Le donne leggono di più, ma pubblicano di meno….ma è proprio vero?

Amo la letteratura femminile. Una scelta fatta da grande, che mi costringe a cercare autrici seguendo percorsi che mi portano a scovare a volte dei veri gioielli. Che a volte trovo in edizione cartacea nella biblioteca di casa, che sono stati editati in passato e poi mai più riproposti. Le donne leggono di pi degli uomini, questo lo dimostrano tutte le statistiche.

Eppure in cima alle classifiche dei libri più venduti ci sono sempre uomini. Ultimamente fanno capolino le scrittrici di gialli, un genere che a quanto pare è concesso scrivere a una donna. E poi ci sono i romanzi rosa, anche questi concessi alle donne. Quindi le donne possono oggi sperare di vedersi pubblicato un libro se è un giallo o un romanzo d’amore.

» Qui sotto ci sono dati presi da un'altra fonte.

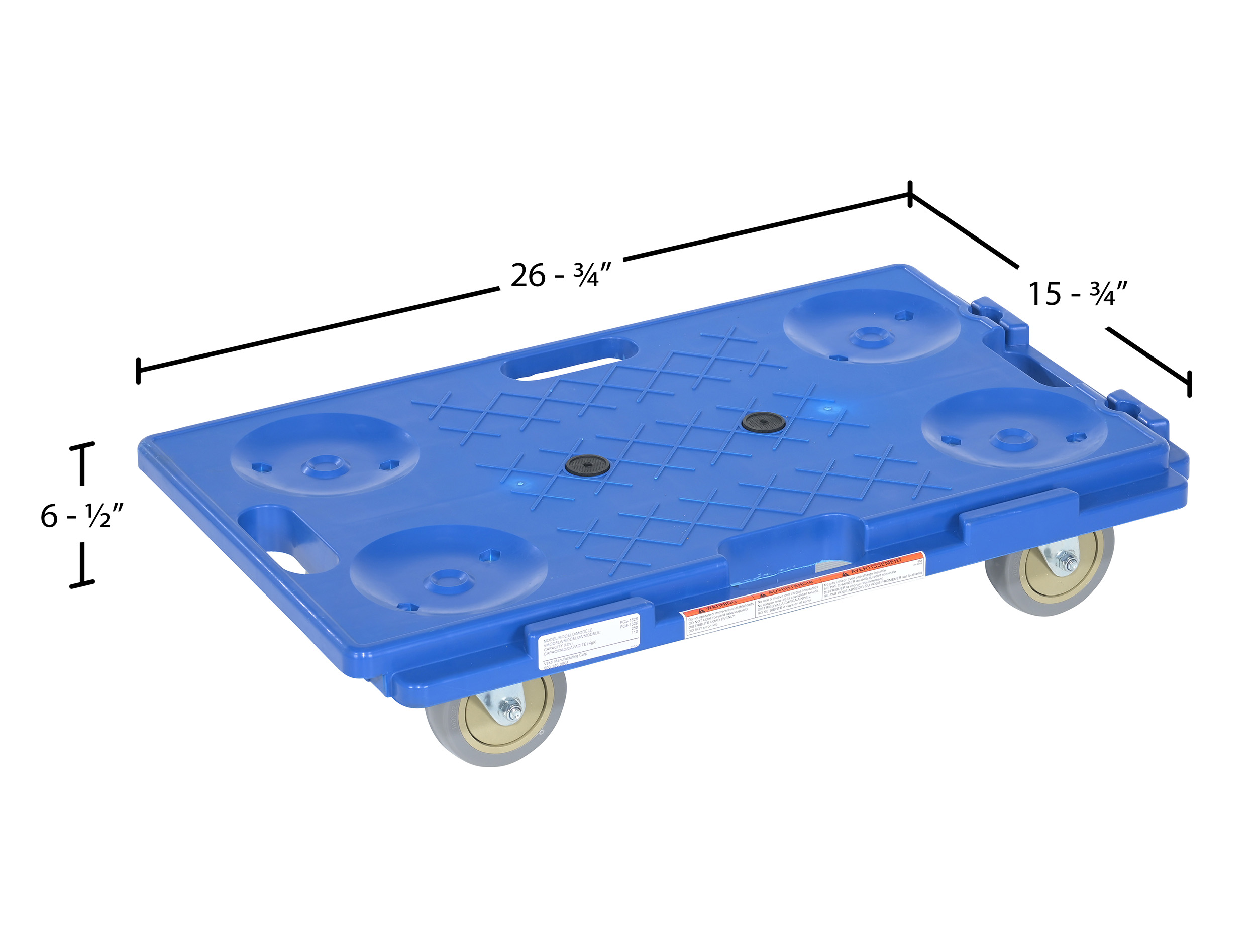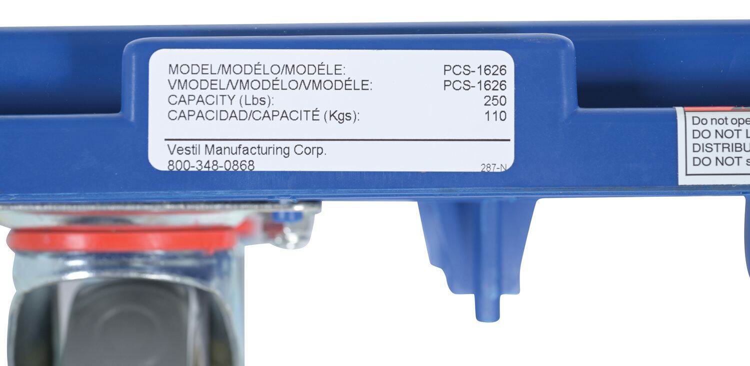 PCS-1626 PCS-1626Plastic Interlocking Dolly 26-3/4 In. x 15-3/4 In. x 6-1/2 In. 250 Lb. Capacity BlueUniform Capacity (lb.): 250

E siccome le donne sono testarde, se nessuno pubblica il loro libro lo pubblicano da sole, ne vendono un sacco di copie e poi un editore sveglio è costretto a pubblicarle.

Non voglio fare un discorso generalista, così è come funziona in Italia. All’estero, in primis in USA, le cose funzionano diversamente. Innanzitutto la scrittura creativa si insegna all’università e questo porta inevitabilmente all’emersione di scrittrici femminili.

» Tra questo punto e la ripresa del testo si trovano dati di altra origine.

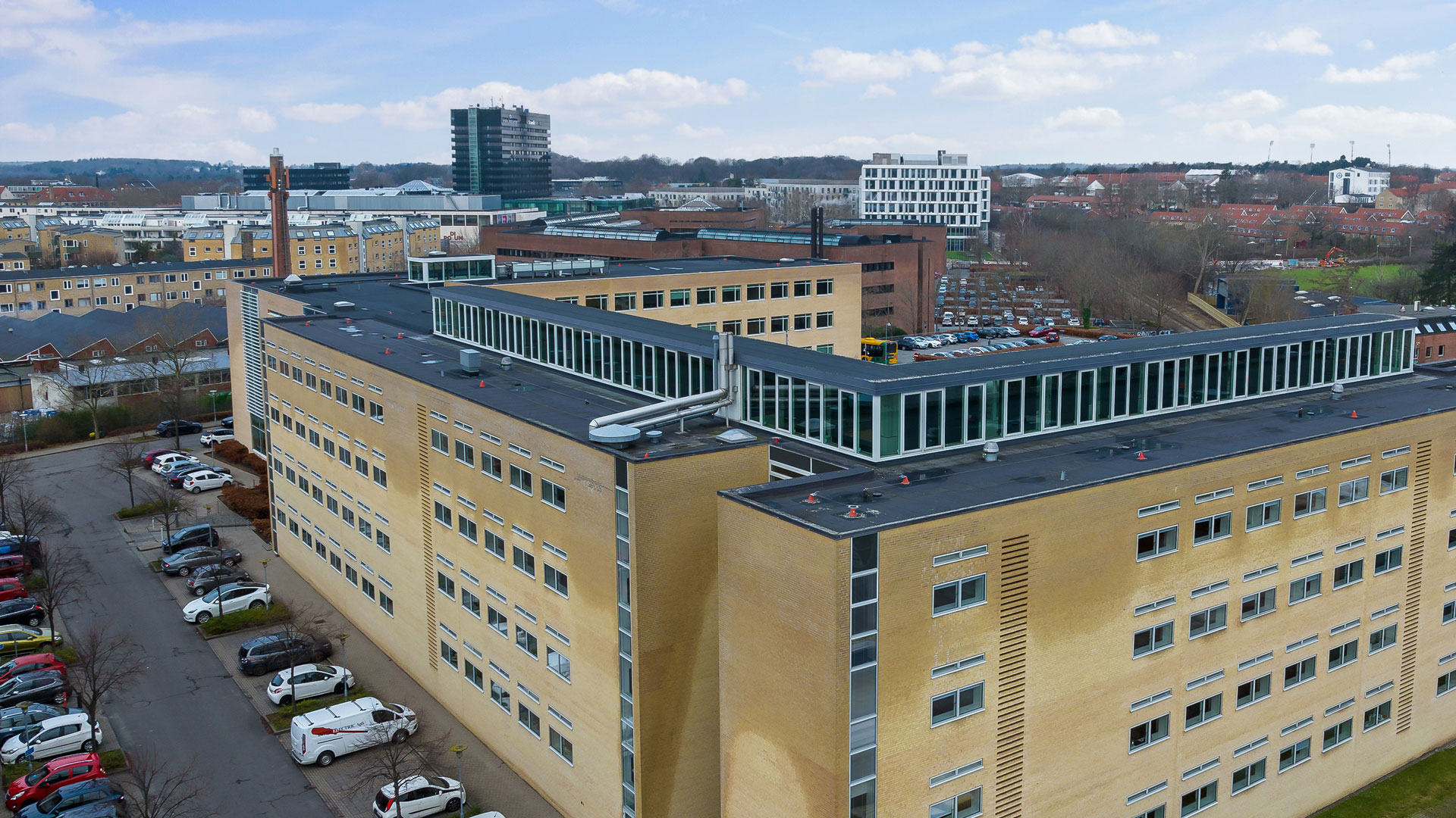Stor parkeringsplads tæt på kontorhusets hovedindgang gør det nemt at finde en plads både til bilen og cyklen.
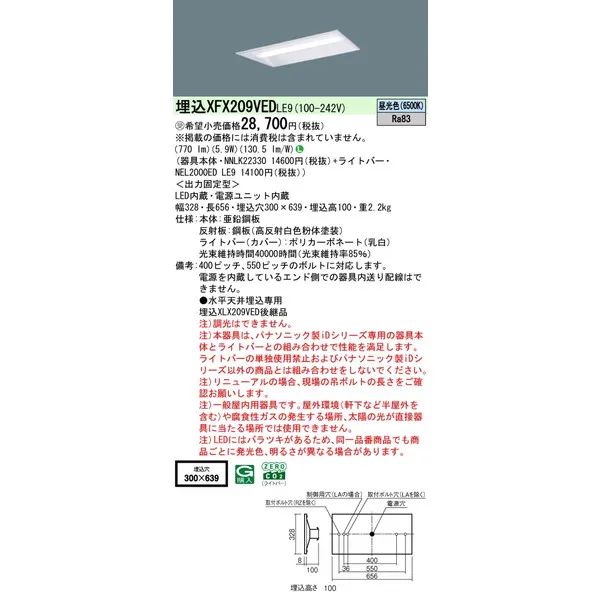 パナソニック iDシリーズ 天井埋込型 20形 一体型LEDベースライト リニューアル 下面開放型 W330 XFX209VEDLE9 昼光色(6500K)
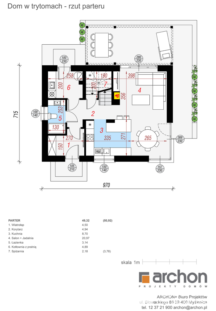 Projekt "Dom w Trytomach" firmy Archon o powierzchni użytkowej 94 metrów kwadratowych.
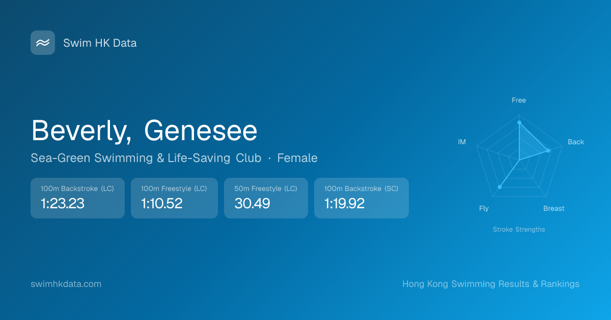 | 100m Backstroke | 1:23.23 2025-08-27 | 33 | 13 | 2025-08-27 |
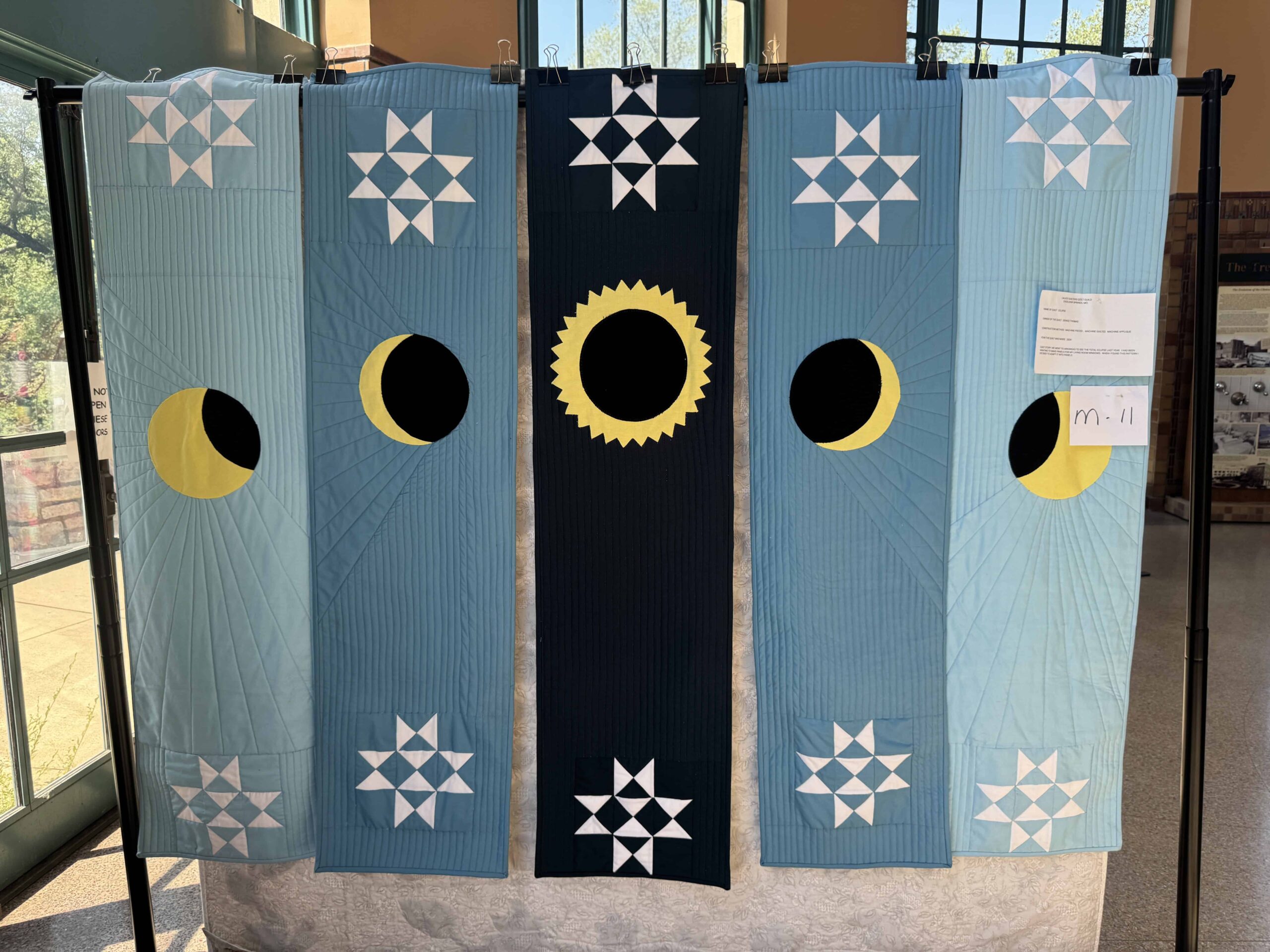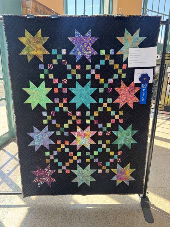 The stunning energy of a midnight sky comes to life in Sherry Wallard’s award-winning quilt, “Midnight Stars,” which took home a 1st Place honor. At first glance, this piece dazzles with its electric palette, bursting stars that pop against a deep black background, creating the illusion of constellations shimmering in a dark sky.

Le donne sono ottime lettrice, ma leggono di tutto. Quando un libro le intriga che l’autore sia un uomo o una donna conta poco. Gli uomini preferiscono leggere invece autori maschili. Ho spesso cercato di capire perché, senza darmi una risposta. Sembra quasi che la cultura e l’arte in mano a una donna diventino di serie B, che le storie raccontate dalle donne siano poco interessanti, storie minime. Le donne in effetti non scrivono epopee, ma indagano piccoli ambienti, vicende familiari; raccontano mondi più delimitati, ma lo fanno con grande intensità.

E voi siete influenzati dal genere dell’autore del libro che volete leggere?